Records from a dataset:
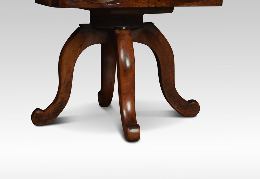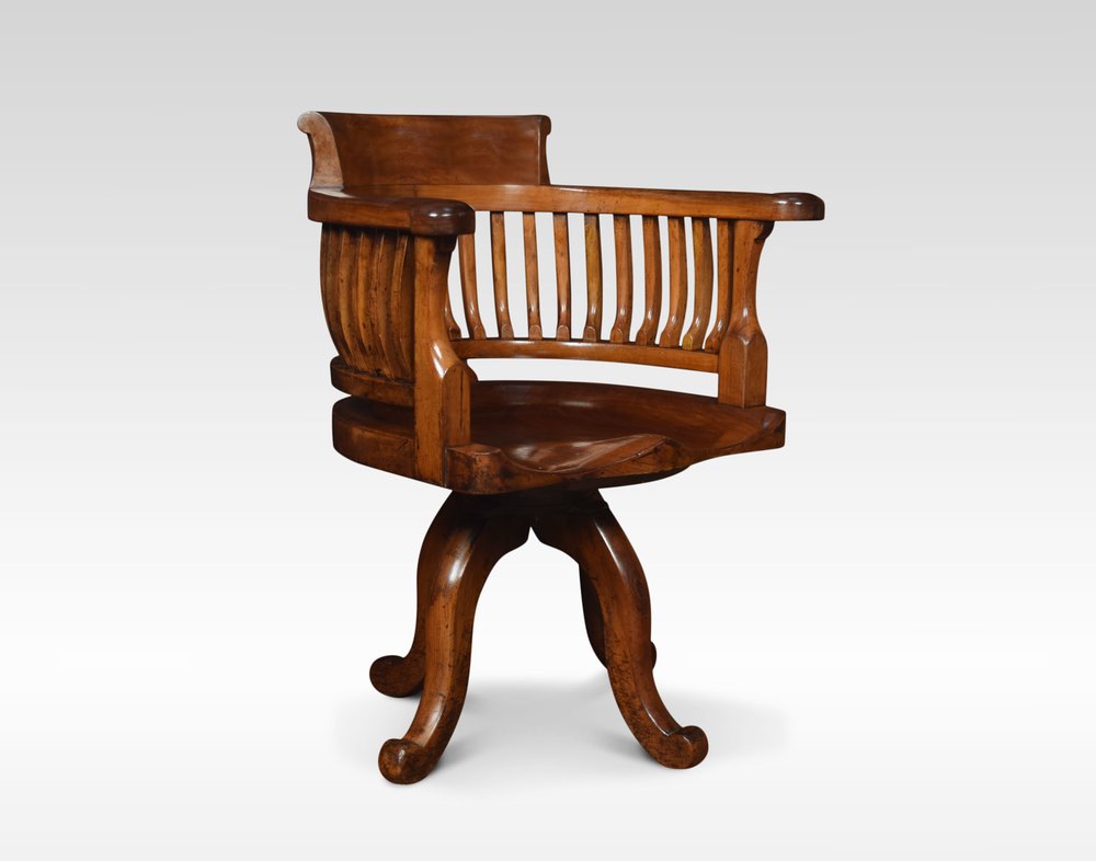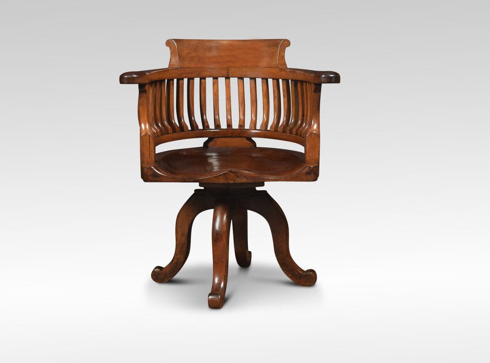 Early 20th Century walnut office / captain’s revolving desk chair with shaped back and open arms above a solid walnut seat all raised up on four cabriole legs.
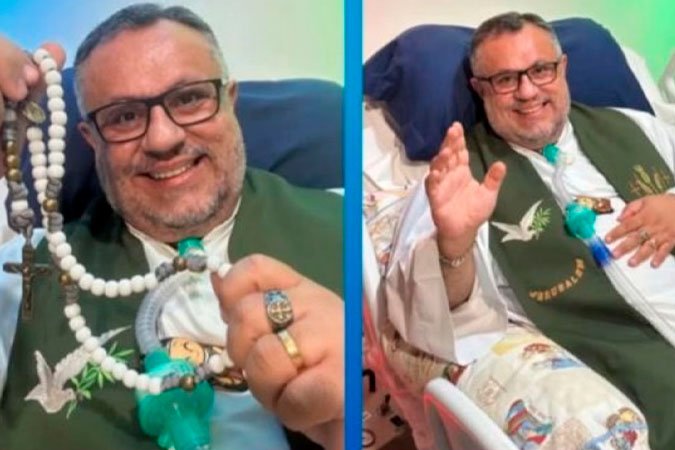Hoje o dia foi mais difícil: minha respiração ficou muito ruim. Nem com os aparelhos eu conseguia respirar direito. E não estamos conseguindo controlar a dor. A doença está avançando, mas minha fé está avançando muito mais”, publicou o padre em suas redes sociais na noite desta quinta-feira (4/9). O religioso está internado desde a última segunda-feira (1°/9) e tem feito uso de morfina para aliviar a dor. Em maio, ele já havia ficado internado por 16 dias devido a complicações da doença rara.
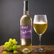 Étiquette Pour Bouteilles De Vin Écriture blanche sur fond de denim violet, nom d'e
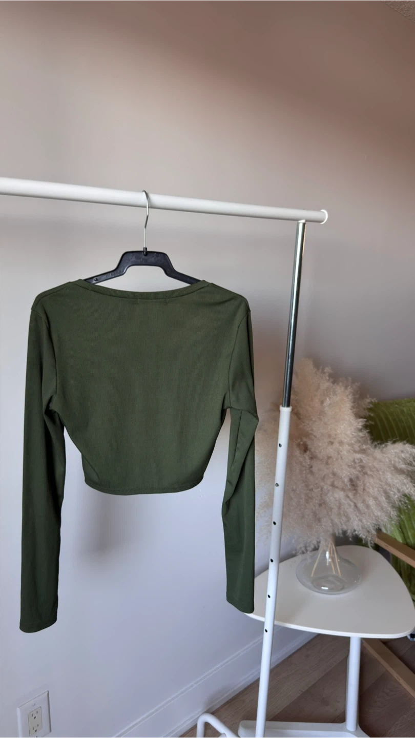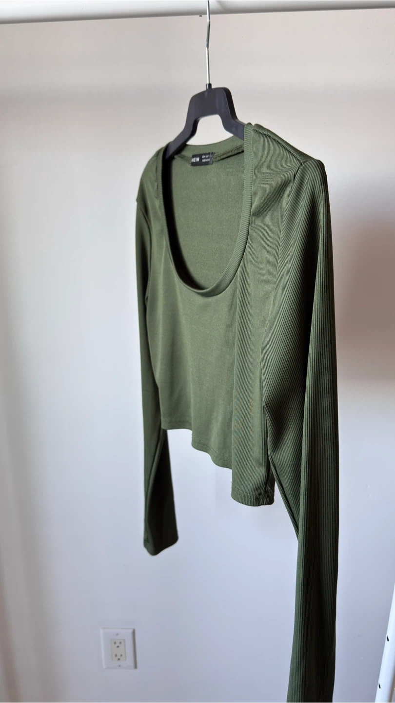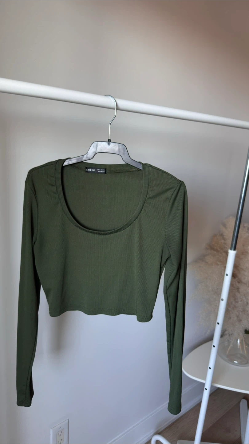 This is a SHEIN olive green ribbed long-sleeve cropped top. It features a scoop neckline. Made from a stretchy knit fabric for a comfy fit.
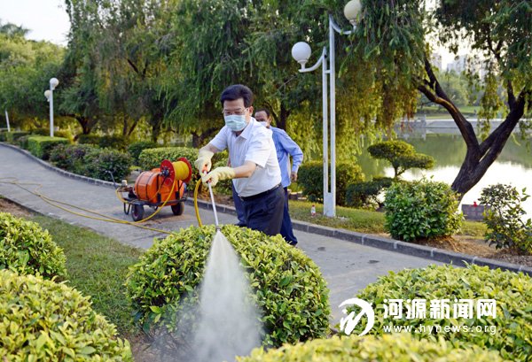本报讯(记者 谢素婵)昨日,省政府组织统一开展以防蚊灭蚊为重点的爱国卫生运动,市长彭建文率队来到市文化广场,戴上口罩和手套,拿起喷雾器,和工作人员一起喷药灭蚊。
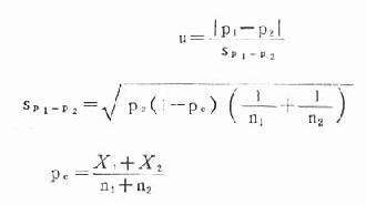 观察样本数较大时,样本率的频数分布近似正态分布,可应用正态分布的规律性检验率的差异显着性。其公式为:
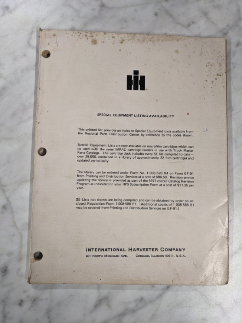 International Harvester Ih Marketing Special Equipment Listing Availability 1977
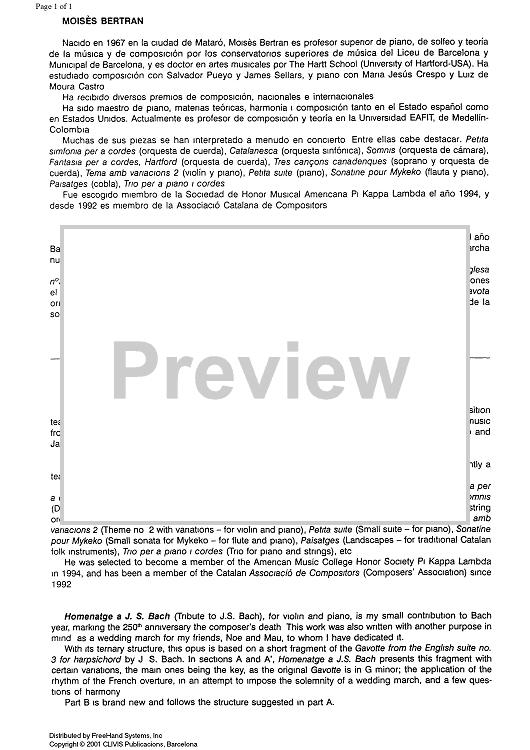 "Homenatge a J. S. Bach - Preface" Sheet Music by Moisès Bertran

**What this task involves:** From the line containing "International Harvester Ih" down to the final line of the records above, restate every line word for word, add nothing, and skip the pictures.

**Answer section:**
 International Harvester Ih Marketing Special Equipment Listing Availability 1977
 "Homenatge a J. S. Bach - Preface" Sheet Music by Moisès Bertran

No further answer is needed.